Morre Jards Macalé, Lenda da MPB e Autor de ‘Vapor Barato’, Aos 82 Anos no Rio

Jards Macalé, ícone da MPB, morre no Rio aos 82 anos
Jards Macalé, ícone da MPB, morre no Rio aos 82 anos

Morre Jards Macalé, Lenda da MPB e Autor de ‘Vapor Barato’, Aos 82 Anos no Rio

 

O cenário da Música Popular Brasileira (MPB) perdeu nesta segunda-feira (17) um de seus nomes mais vanguardistas e influentes. O cantor, compositor e multiartista Jards Macalé faleceu no Rio de Janeiro, aos 82 anos.

Macalé estava internado em um hospital na Barra da Tijuca, Zona Sudoeste do Rio, devido a problemas pulmonares. A causa da morte, conforme a unidade de saúde, foi choque séptico e insuficiência renal, culminando em uma parada cardíaca nesta segunda-feira.

O “Anjo Torto” da Vanguarda

 

Nascido Jards Anet da Silva em 1943, no Rio, o artista iniciou sua trajetória nos anos 1960. Rapidamente, ele se estabeleceu como uma figura singular, caracterizado por sua postura experimental e pela recusa categórica em aderir a padrões comerciais. Essa filosofia o consagrou como o “anjo torto” da MPB.

Sua obra é um mosaico de ritmos, mesclando de forma única rock, samba, jazz, blues, baião e canção. Em 1972, lançou seu primeiro álbum, que se tornaria uma referência em sua estética híbrida e contestadora.

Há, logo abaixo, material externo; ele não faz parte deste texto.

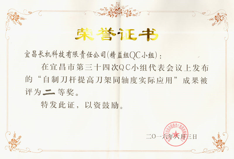 公司機(jī)械分廠精益組QC小組在宜昌市第三十四次QC小組代表會議上發(fā)布的“自制刀桿提高刀架同軸度實(shí)際應(yīng)用”成果榮獲二等獎(jiǎng)。

O Legado de um Criador Único

 

Jards Macalé deixa um repertório de clássicos da música nacional, muitas vezes imortalizados por outras grandes vozes, o que atesta sua genialidade como compositor. Entre seus sucessos mais notáveis estão:

  • “Vapor Barato” (parceria com Waly Salomão), gravada por Gal Costa.

  • “Mal Secreto” e “Hotel das Estrelas”, gravadas por Maria Bethânia.

  • “Anjo Exterminado”.

Sua profunda ligação com a poesia o levou a parcerias marcantes com nomes como Waly Salomão, Vinicius de Moraes, Torquato Neto e José Carlos Capinan. O próprio Caetano Veloso, em homenagem emocionada, creditou a Macalé a direção musical de seu aclamado álbum “Transa”.

Apesar das décadas de carreira, Macalé manteve seu vigor artístico, lançando um dos destaques de sua discografia, o álbum “Besta Fera”, em 2019. Além da música, sua arte se estendeu ao cinema — participando de obras como “O Amuleto de Ogum” — e às trilhas sonoras de clássicos do cinema nacional, como “Macunaíma”.

Em nota divulgada por seus amigos, a mensagem final do artista ressoou: “Nessa soma de todas as coisas, o que sobra é a arte. Eu não quero mais ser moderno, quero ser eterno.”